Time.
Nanotech has been on its way for so long, some people have stopped believing in its potential. It still doesn't seem like a real thing.
But self-assembly and smart materials haven't been forgotten; in fact, some of the best minds in the world are working on them.
Engineering software developer Autodesk, which collaborated on the project, is looking even further into the future.
"Imagine a scenario where you go to Ikea and buy a chair, put it in your room and it self-assembles," said Carlo Olguin, principal research scientist at the software firm.
Market forces give us the future we deserve, not the future we hope for, and one that includes the banality of self-assembling Ikea furniture is increasingly likely.

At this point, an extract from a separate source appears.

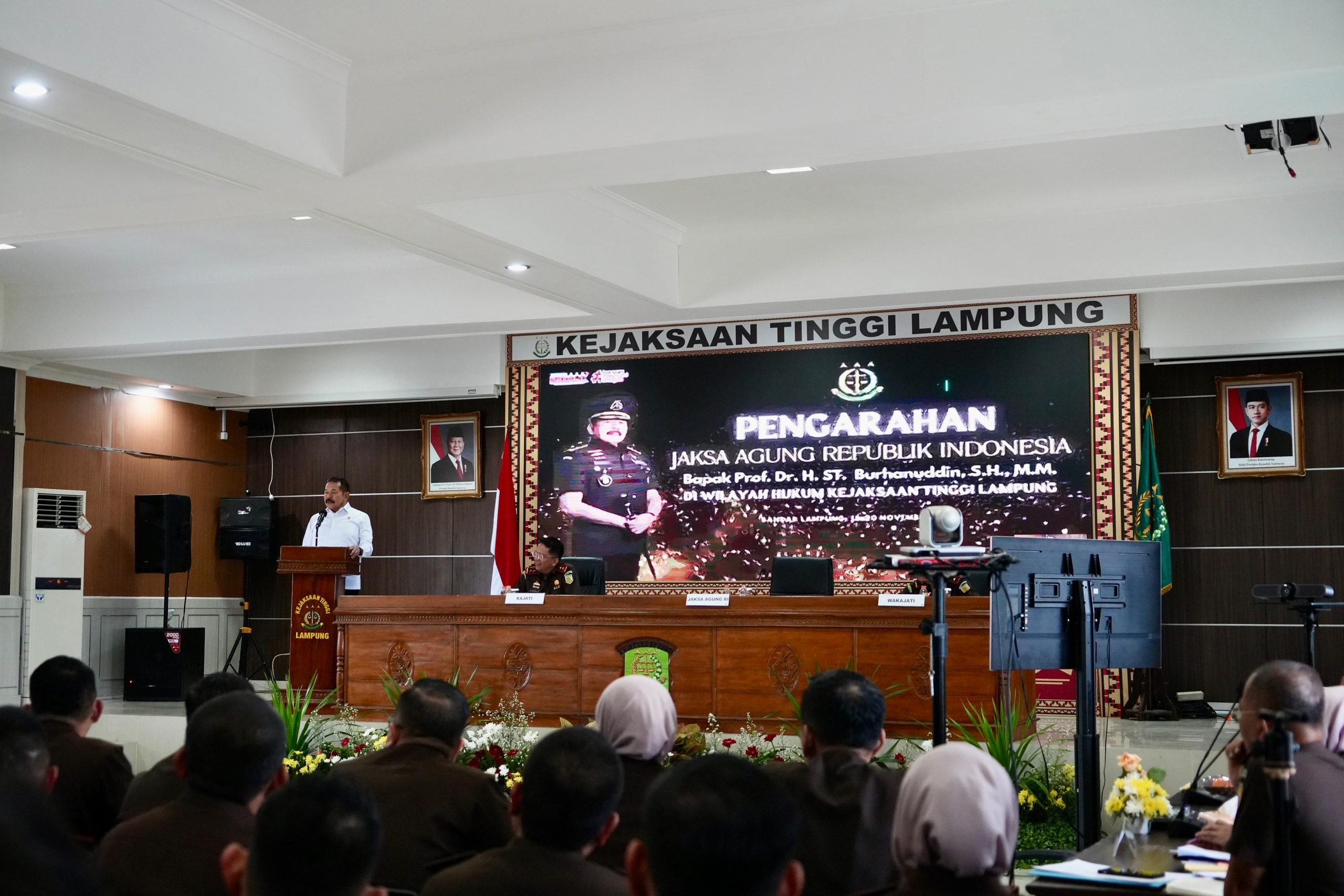 LINTASCAKRAWALANEWS.COM, Jakarta – Jaksa Agung Republik Indonesia ST Burhanuddin memberikan pengarahan penting pada kunjungan kerjanya ke Kejaksaan Tinggi Lampung pada Selasa s.d Rabu 19-20 November 2024. Jaksa Agung menyampaikan apresiasi atas kinerja yang telah dicapai dan menegaskan arahan strategis dalam mendukung reformasi hukum dan peningkatan layanan kepada masyarakat.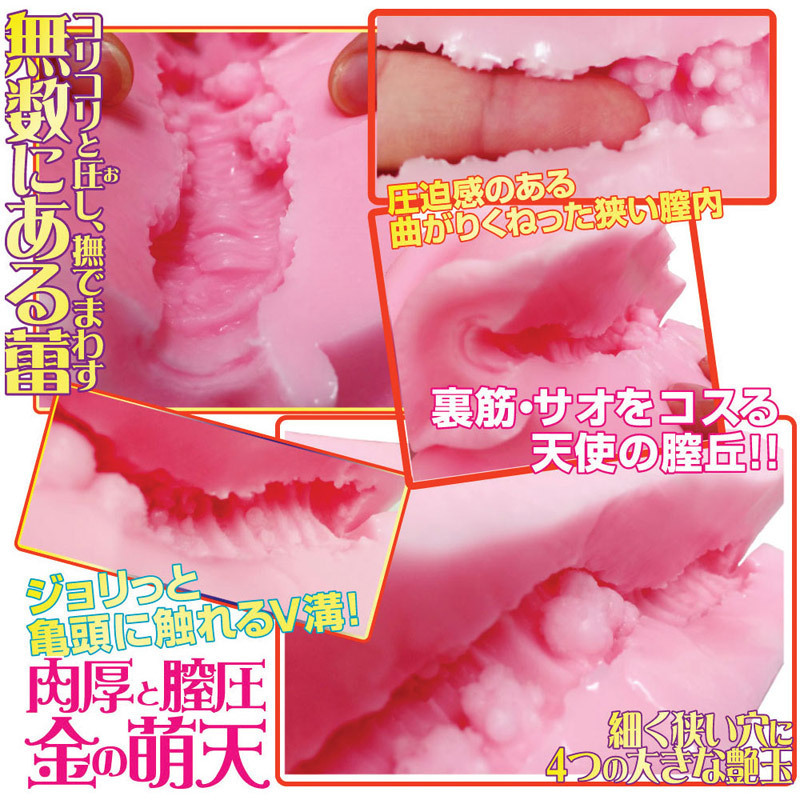 ホンモノを超える締まり具合!20代のぐちょぐちょ恥肉オナホール「金の萌天」非貫通型。 ハリのあるボリューム満点の肉厚ボディには、バンジータッチ素材を採用。 曲がりくねった膣道にヒダと無数のツブを配置!自慢の膣圧で亀頭から裏筋まで撫でまわしながら、ホンモノさながらの満足刺激をもたらします。 細部までこだわって最高の挿入感を再現したオナホールです。

The exciting news is that with Autodesk's huge new SF facility and partnership with bioprinter Organovo, real resources are being committed to ideas like self-assembling human scale materials. Imagine a new liver that builds itself inside you when exposed to the water in your body.
Autodesk's Bio/Nano/Programmable Matter division has groups like Project Cyborg, working on a "cloud-based meta-platform of design tools for programming matter across domains and scales."

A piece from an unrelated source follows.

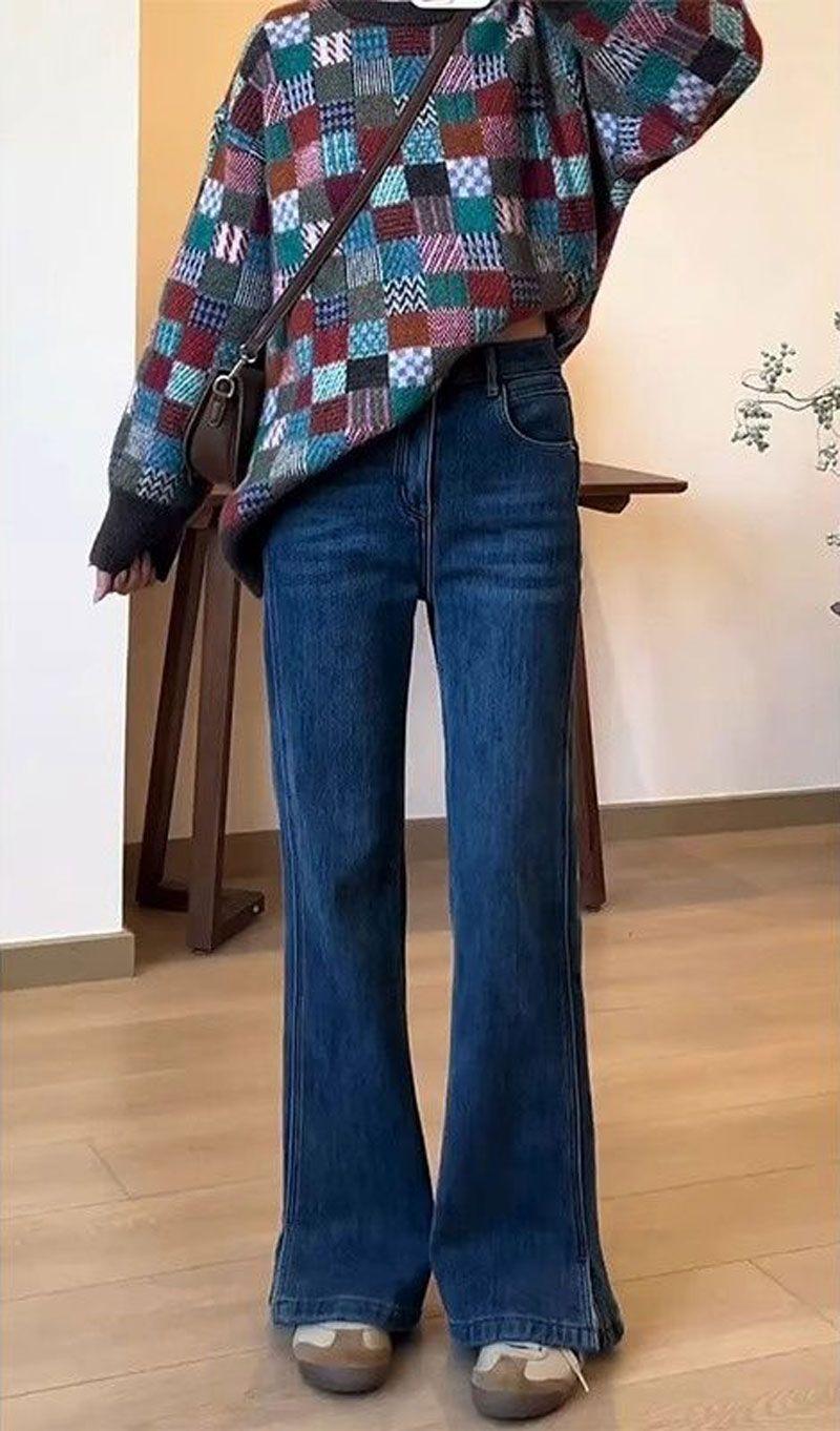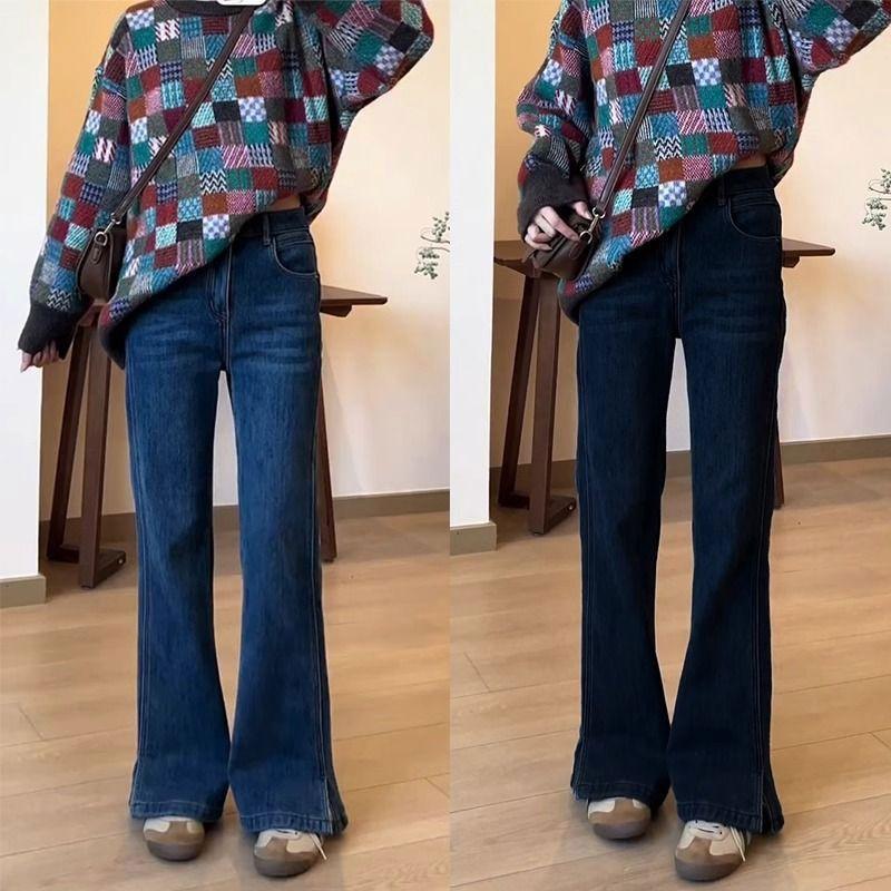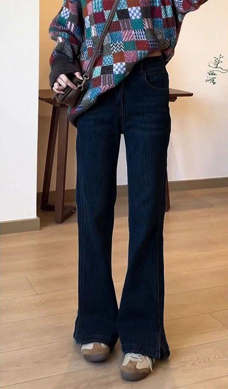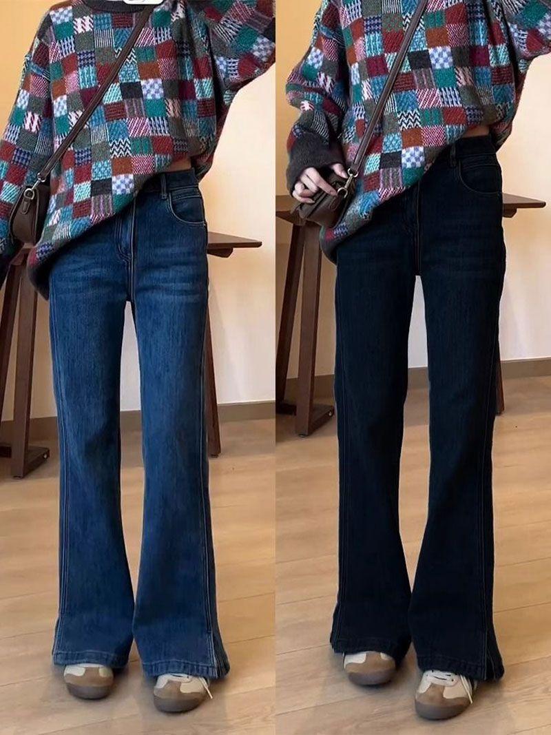 Jeans elásticos de moda para mujer con aberturas 2025 Nuevo Pantalones de pierna ancha de talla grande para mujer, Pantalones versátiles que cubren la carne

Skylar Tibbits, director of MIT's new Self-Assembly Lab, has been working with the Autodesk 4D printing group on BioMolecular Self-Assembly. He's also a really cute, really young guy, we feel compelled to note. Watch his awesome TED talk about "Can we make things that make themselves?" here.
Tibbits' TED presentation about 4D printing in Long Beach on February 26 has created a huge buzz around around the 4D printing concept. The technology shown there was developed in collaboration with Autodesk and Stratasys, a Minnesota- and Israel-based maker of 3D printers.
Watching a 4D-printed cubic object assemble itself underwater is a little creepy.
But we'd better get used to it, because it looks like printers that print things that make themselves might be going somewhere.